Early Results from the 4-Day Workweek Experiment: Employees Love It and So Do Employers

As workplaces of all kinds consider creative ways to boost retention and attract talent, it might be time to consider a radical departure from tradition – a four-day workweek.

According to the Great Place to Work® organization, Kickstarter tested it, Cisco is trying it and Healthwise implemented it after massive resignations and found that four days are more productive than five. A San Francisco-based e-commerce company, Bolt, piloted the program last summer, allowing employees to take certain Mondays off to recharge.

Following that experiment, Bolt put a four-day week in play so all employees could go offline on Fridays for three months. Morale went up, employees were happier and productivity got a shot in the arm. The decision to make the policy permanent was a “no-brainer,” Jennifer Christie, Bolt’s chief people officer, told Best Place to Work.
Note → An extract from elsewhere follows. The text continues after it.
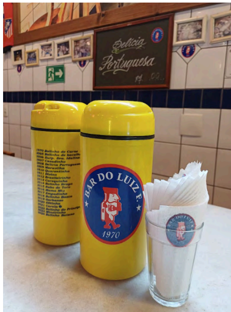
Fig. 12. Bar do Luiz F. Suportes de cerveja e guardanapos personalizados, 04 set. 2025.
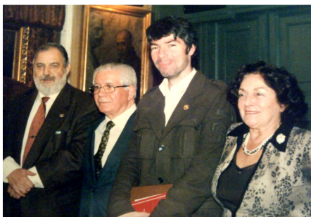
Año 2008: recibiendo el Premio “Manrique de Lara” en la Asociación de Escritores y Artistas Españoles

Señoras y señores: cuando se acerca una data significativa, como lo será para el Ateneo la del próximo 31 de mayo, tiende por naturaleza el ánimo a la reflexión, y en ese hacer, halla lo vivido su impresión más clara, su más honda huella. Lo retrospectivo, entonces, también impele; sirve para avanzar desde lo andado, sin perdersenos.

After a survey, which drew participation from 80% of the 735-member workforce, 94% of workers and 93% of managers wanted the program to continue. Also:

  • 84% noted an improvement in their work-life balance
  • 84% said they were more productive
  • 86% said they were more efficient with their time

While retention levels stayed the same, Bolt saw 200% more applicants in 2022 compared with the same time period in 2021, “suggesting the culture we’ve built and adopted here at Bolt is a huge differentiator for us,” Christie said.

Here is an edited version of a Q&A with Christie published by Great Place to Work.

What were the biggest lessons learned and challenges you faced?

Christie: Initially, there was quite a large operational lift to make this work. It was important to Bolt that we didn’t think of this change as doing five days of work in a four-day period. We had everybody wipe their calendars clean, not only to ensure that we weren’t scheduling anything for Fridays, but also forced us to be very intentional about what meetings were occupying our time. Certain meetings were reduced to 15 minutes from 30 minutes, others were shifted from weekly to bi-weekly, and many were scrapped entirely. This shift allowed our company to free up time for focused work while also easing the burden of trying to change the entire company’s schedules on a disjointed and more rolling basis.

Another logistical burden was how the company managed our holiday schedule. Initially, weeks with a holiday replaced the company-wide offline day, but many found this to be confusing and frustrating for our team. We decided to honor both holidays and our offline Fridays.

What are the key factors to a successful roll-out and implementation?

Christie: We had to make sure that everyone was fully bought in. We recognized that this policy would never take hold if our senior employees were working and demanding things from their teams on Fridays. Additionally, to truly evaluate the pilot program’s success, we needed everybody to actually abide by this new schedule so we could evaluate the output the organization was producing before and after the change.

Is this model for everyone—even non-tech companies?

Christie: If an organization has a more traditional nine-to-five and is willing to put in the time and energy required to evaluate this new working model for its employees, it could definitely make this model work. There are many more organizations out there that this could work for, they just might not know it yet.